## Work instruction
Set down, unchanged, the line holding "Η Princess Swan" and all lines that follow it to the end of the material, leaving pictures out.

## Data segment
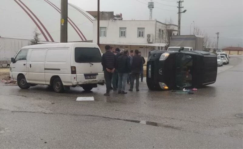 Midibüs ile çarpışan hafif ticari araç devrildi: 1 yaralı
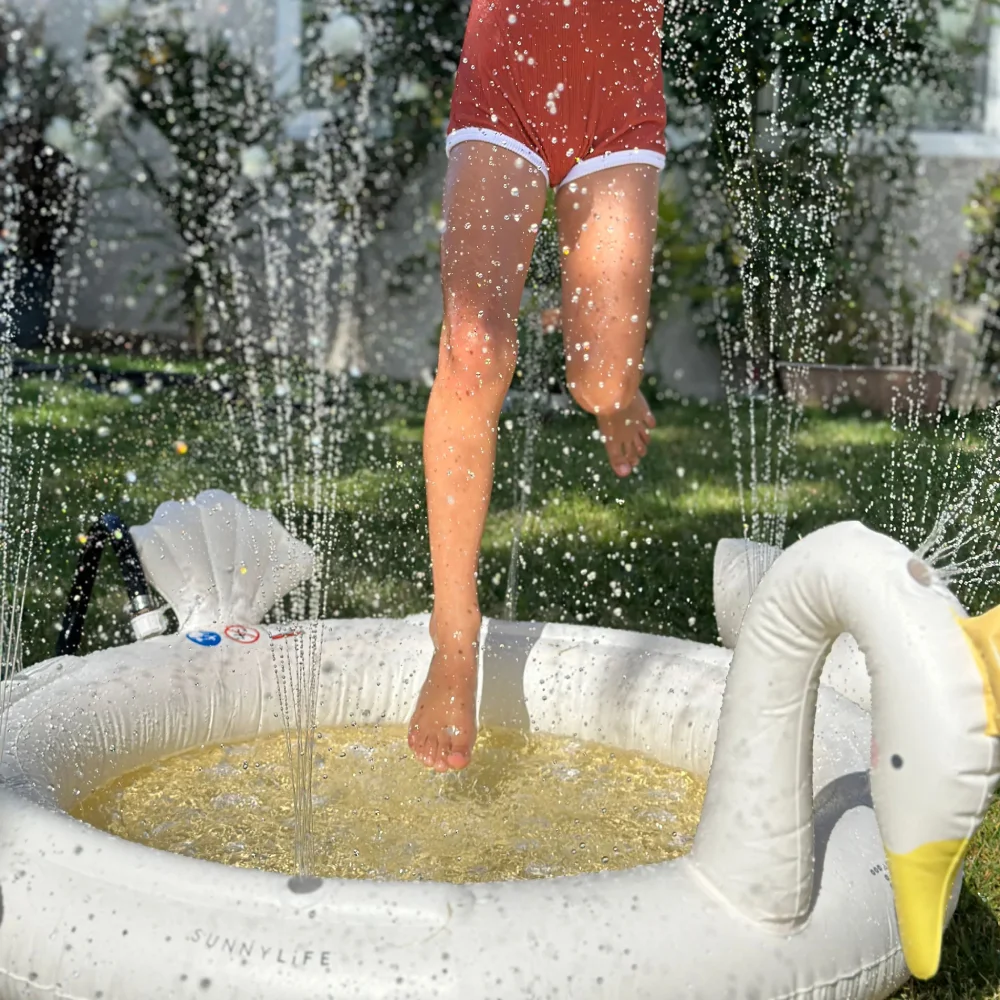 Η Princess Swan Kids Sprinkler Mat της SUNNYLiFE μετατρέπει την αυλή σας σε παραμυθένια παιδική πισίνα, με πριγκιπικό σχέδιο κύκνου, καλοκαιρινά χρώματα και ψεκασμό από όλες τις πλευρές για απόλυτη δροσιά.
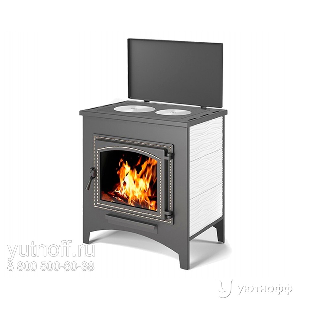 Через стекло в дверце печи-камина удобно присматривать за огнем, да и просто любоваться затейливыми играми пламени. Огнеупорное стекло, а точнее, стеклокерамика легко выдерживает температуру до 750°C. Несмотря на то, что материал прочнее обычного оконного стекла, рекомендуется соблюдать с ним такую же осторожность, особенно при транспортировке и установке - стекло может треснуть или разбиться. В этой печи использовано прямое остекление.Размеры
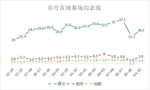 新秀赛季,乔丹场均28.2分5.9助攻6.5篮板2.4抢断,拿下最佳新秀,又首发出战全明星,还入选了最佳阵容第二阵容,刚刚入行的乔丹就成为了人们的宠儿,但第二个赛季,乔丹因左脚的一块骨头骨折而伤伤退,常规赛只出战了18场比赛,但乔丹在季后赛归来,就在凯尔特人面前砍下了63分,打破了NBA季后赛的得分纪录,让伯德等巨星都惊讶于乔丹的个人表现。

## Your response
 Η Princess Swan Kids Sprinkler Mat της SUNNYLiFE μετατρέπει την αυλή σας σε παραμυθένια παιδική πισίνα, με πριγκιπικό σχέδιο κύκνου, καλοκαιρινά χρώματα και ψεκασμό από όλες τις πλευρές για απόλυτη δροσιά.
 Через стекло в дверце печи-камина удобно присматривать за огнем, да и просто любоваться затейливыми играми пламени. Огнеупорное стекло, а точнее, стеклокерамика легко выдерживает температуру до 750°C. Несмотря на то, что материал прочнее обычного оконного стекла, рекомендуется соблюдать с ним такую же осторожность, особенно при транспортировке и установке - стекло может треснуть или разбиться. В этой печи использовано прямое остекление.Размеры
 新秀赛季,乔丹场均28.2分5.9助攻6.5篮板2.4抢断,拿下最佳新秀,又首发出战全明星,还入选了最佳阵容第二阵容,刚刚入行的乔丹就成为了人们的宠儿,但第二个赛季,乔丹因左脚的一块骨头骨折而伤伤退,常规赛只出战了18场比赛,但乔丹在季后赛归来,就在凯尔特人面前砍下了63分,打破了NBA季后赛的得分纪录,让伯德等巨星都惊讶于乔丹的个人表现。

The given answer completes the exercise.